For TV shows, June is judgment month. Streaming’s brutal renew-or-cancel season is in full swing as the 2025-2026 television year wraps, with platforms making tough calls on which series live and which die. From surprise cancellations to coveted renewals, the churn reflects a fiercely competitive landscape where data and cost increasingly decide a show’s fate.
The cancellations
Some shows met the axe. NBC’s The Hunting Party was canceled after two seasons, and Netflix’s The Boroughs was cut after just one. The decisions underscore how unforgiving the market has become, with even established networks and dominant streamers quick to pull underperformers.
The renewals
Others earned another run. Netflix renewed A Good Girl’s Guide to Murder and Devil May Cry for third and final seasons, ordered more of The Four Seasons, and Hulu and Disney+ greenlit another season of Rivals. The picks reflect platforms doubling down on shows that drive engagement.
Betting before launch
Confidence runs high for some. Prime Video’s Viking drama Bloodaxe secured a second season ahead of its premiere, a vote of confidence before a single episode aired. Pre-launch renewals signal how much platforms are willing to invest in promising new IP.
The data game
Numbers drive decisions.

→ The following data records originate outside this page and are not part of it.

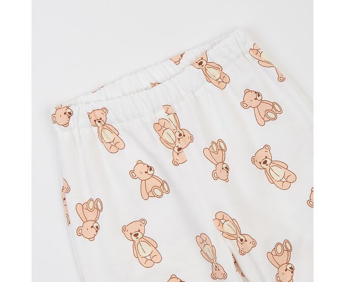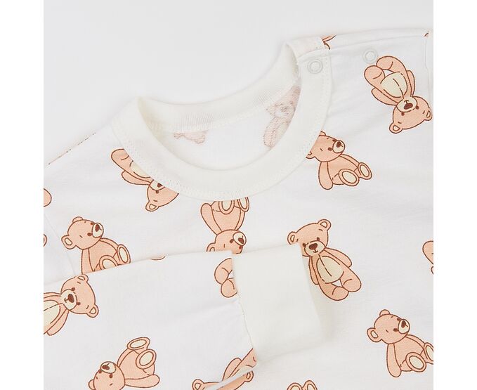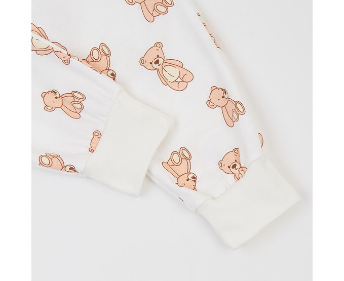 Теплий дитячий комплект домашнього одягу з м'якого, дуже приємного на дотик футеру з начосом, що добре тримає форму навіть після багаторазового прання та не скачується. Реглан з круглим вирізом горловини, застібкою на плечі на кнопки. Штани з цільнокроєним поясом на резинці, довжину резинки можна регулювати. По низу штанів, низу рукавів та низу реглана - манжети з еластичної рібани.
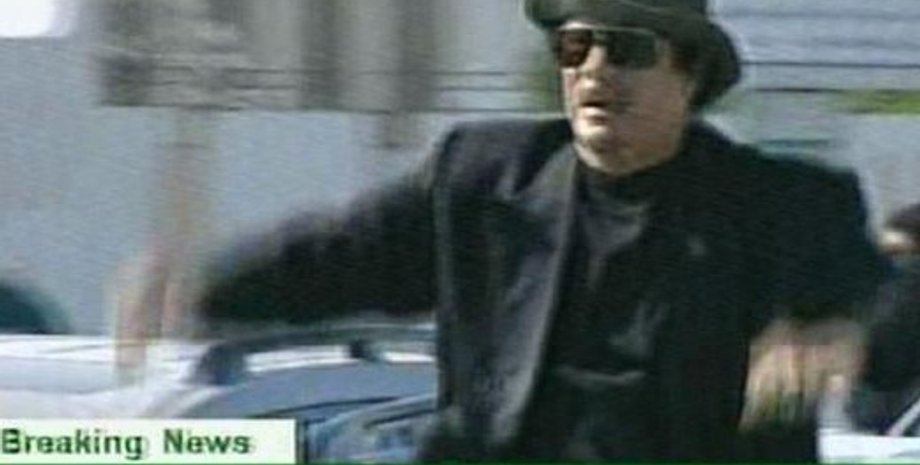 На них видно, что ливийский лидер, одетый в темную одежду,находится в черном внедорожнике с открытым верхом. Он стоя приветствует своихсторонников. Автомобиль окружили десятки людей. В руках у них портреты Каддафии зеленые флаги, символизирующие правящий режим. Жители Триполи кричат лозунги,прославляющие лидера. Каддафи в ответ жестикулирует, показывая пальцами знак V- "виктория".
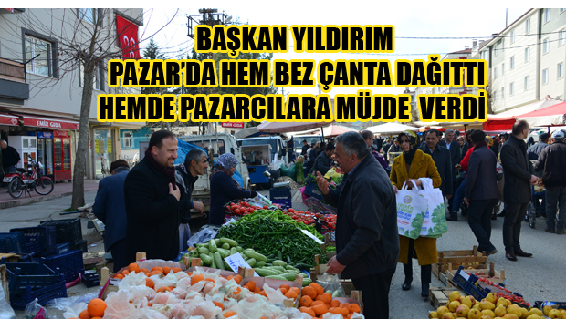 Başkan Yıldırım pazarda vatandaşa bez çanta dağıttı
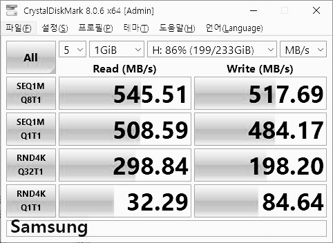 그리고 이 성능이 어느 정도냐 하면, 2013년에 구입한 삼성전자 SSD 840 EVO 250기가가 이 정도였다.

Renew-or-cancel calls increasingly hinge on viewership data, completion rates and cost, as platforms scrutinize whether a show justifies its budget. The shift has made the business more ruthless and less forgiving of slow-building series.
Comfort in returns
Familiar faces stick around. Renewals for The Reluctant Traveler with Eugene Levy and Funny AF with Kevin Hart show platforms valuing reliable, star-driven content. Proven formats and recognizable talent remain safer bets in an uncertain market.
Why it matters
Renew-or-cancel shapes what we watch. The decisions determine which stories continue, which creators get work and how platforms allocate billions, influencing the entire content landscape. The churn reflects the high-stakes economics of the streaming era.
The bottom line
Streaming’s renew-or-cancel season is heating up as the 2025-2026 year wraps, with cancellations like The Hunting Party and The Boroughs and renewals from A Good Girl’s Guide to Murder to Bloodaxe. Driven by data and cost, the brutal numbers game decides which shows survive. In streaming, June is when fates are sealed.